Brazil is hot now what?

Global Finance, Jun 2001 by McCrary, Ernest S

The role of foreign companies in the economy and the

future of Brazilian companies as dominant players in their own country and abroad, is certain to be an issue in next year's "super election" campaign-which will involve the selection of new governors and most members of Congress, as well as a new president.

"This will be the thing that marks 2002," says Roberto Setubal, president of Banco Itau in Sao Paulo, the country's second-largest private bank. "An election like this will throw everything up for debate, including the model for the economy. But Brazil has passed the phase of questioning certain things like the commitment to fiscal balance, so I am optimistic even in such a political year."

This topic gets to the core of what the Brazilian market is all about today, and how it will evolve. "The culture of Brazilian business always was oriented toward the local market, which historically has been closed and protected," says Luiz Fernando Furlan, president of Sadia, a poultry and pork producer that is one of the country's contenders for world-class exporter status, with sales last year of $1.6 billion."We can be very competitive in food exports, and this is an area that will see an increasing presence of Brazilian companies in the 21st century," he says."So far, there are almost no Brazilian `global brands' in any industry, but that has to change."

Even companies with a strong global presence, such as state oil company Petrobras, have trouble building a crossborder image. Petrobras earned $5.1 billion in net income last year, making it the sixth most profitable oil company in the world-after Exxon Mobil, BP, Royal Dutch Shell,TotalFina Elf, and Chevron. With extensive operations around Latin America, Petrobras five months ago aimed to change its name and logo (which resembles the Brazilian flag) to something less offensive to customers in neighboring countries. But when it was announced in Brazil that Petrobras was to become Petrobrax, the uproar at home (especially in Congress) was immediate and vociferous. After seven months of secret preparation, the Petrobrax name was killed in a day.

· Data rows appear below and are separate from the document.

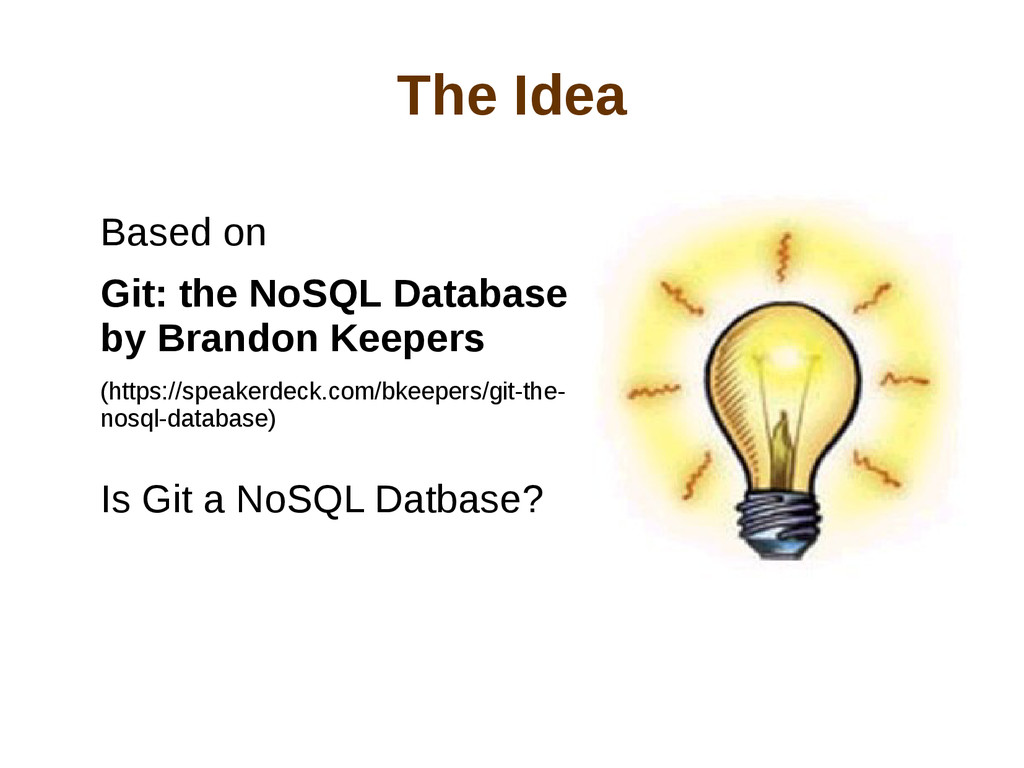 Keepers (https://speakerdeck.com/bkeepers/git-the- nosql-database) Is Git a NoSQL Datbase?
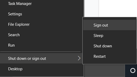 - Then click** Shutdown or sign out** and then click Sign out.
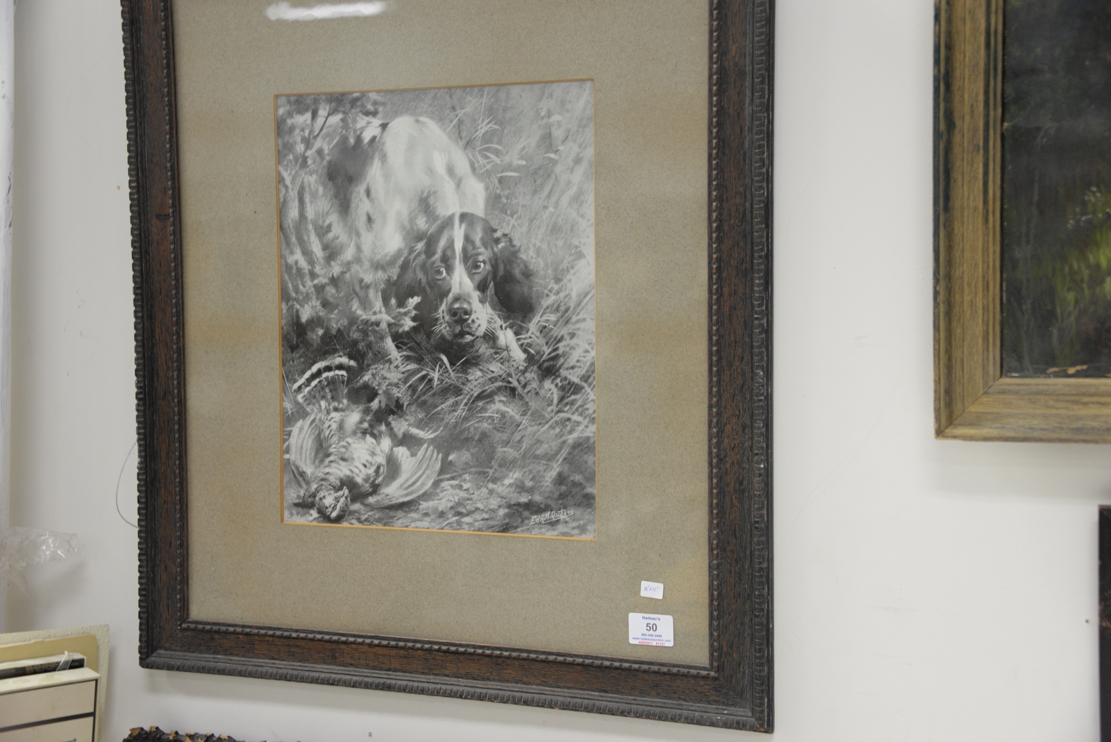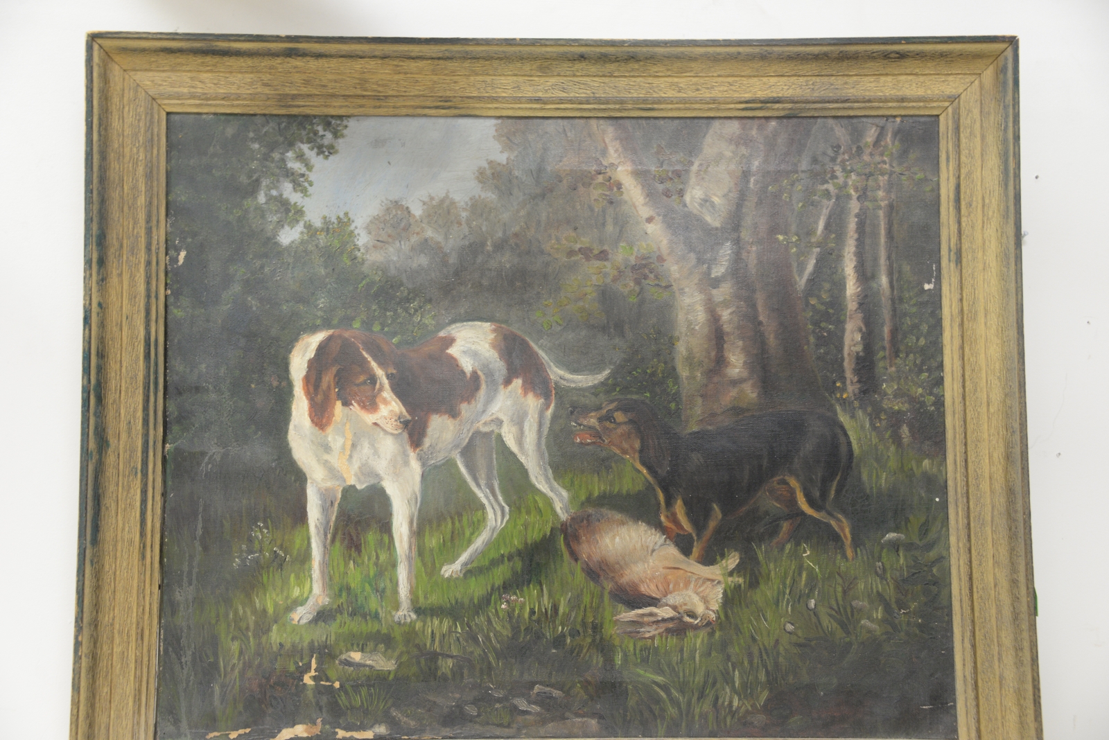 Group of four framed dog pieces to include pastel of a small dog unsigned, an oil on canvas of two dogs with a rabbit, a print Irish Setter, and an Edmund Henry Osthaus hunting dog print. sight sizes 7 x 8 1/2 to 16 x 12
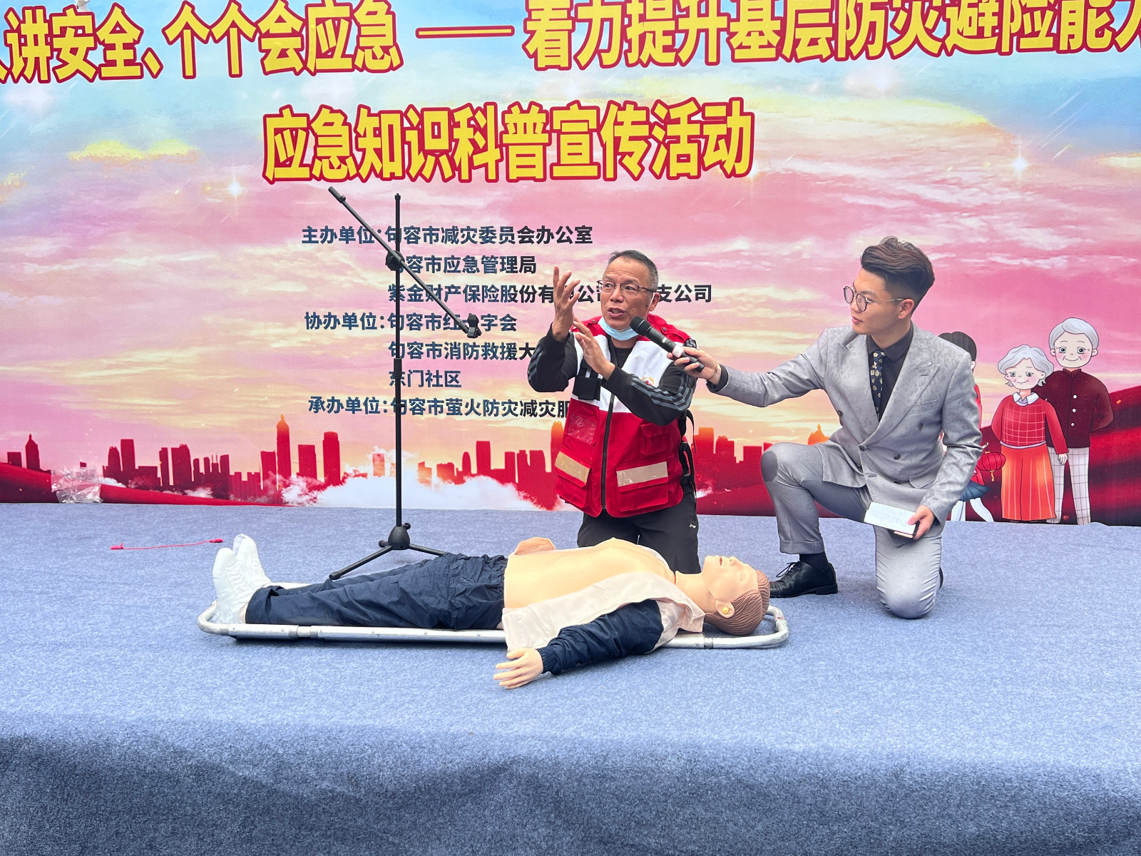 句容市红十字会应急救援队还向现场居民讲解应急救护知识,并利用模拟教学假人,传授心肺复苏术等应急救护技能。

For his part, Sadia's Furlan has just negotiated a joint international marketing pact with Sadia's smaller domestic rival Perdigao (sales of $1 billion last year), to combine forces for a stronger push into poultry and pork product export markets with a new global brand.Their combined exports last year were almost $700 million. Although Brazil (mainly represented by Sadia and Perdigao) already has an 18% share of global poultry exports-trailing only the United States-there are still formidable obstacles to further growth.

"Our problems are weak infrastructure, high cost of capital and taxes, bureaucracy, and import duties; says Furlan. On top of that, Sadia and Perdigao face a stone wall of nontariff barriers in the biggest market of all, the United States. "They use unreasonable restrictions, sanitary requirements, quotas, and technical regulations to keep us out of the US market,"he says. On the other hand, his US competitors are blocked out of the Brazilian market, too.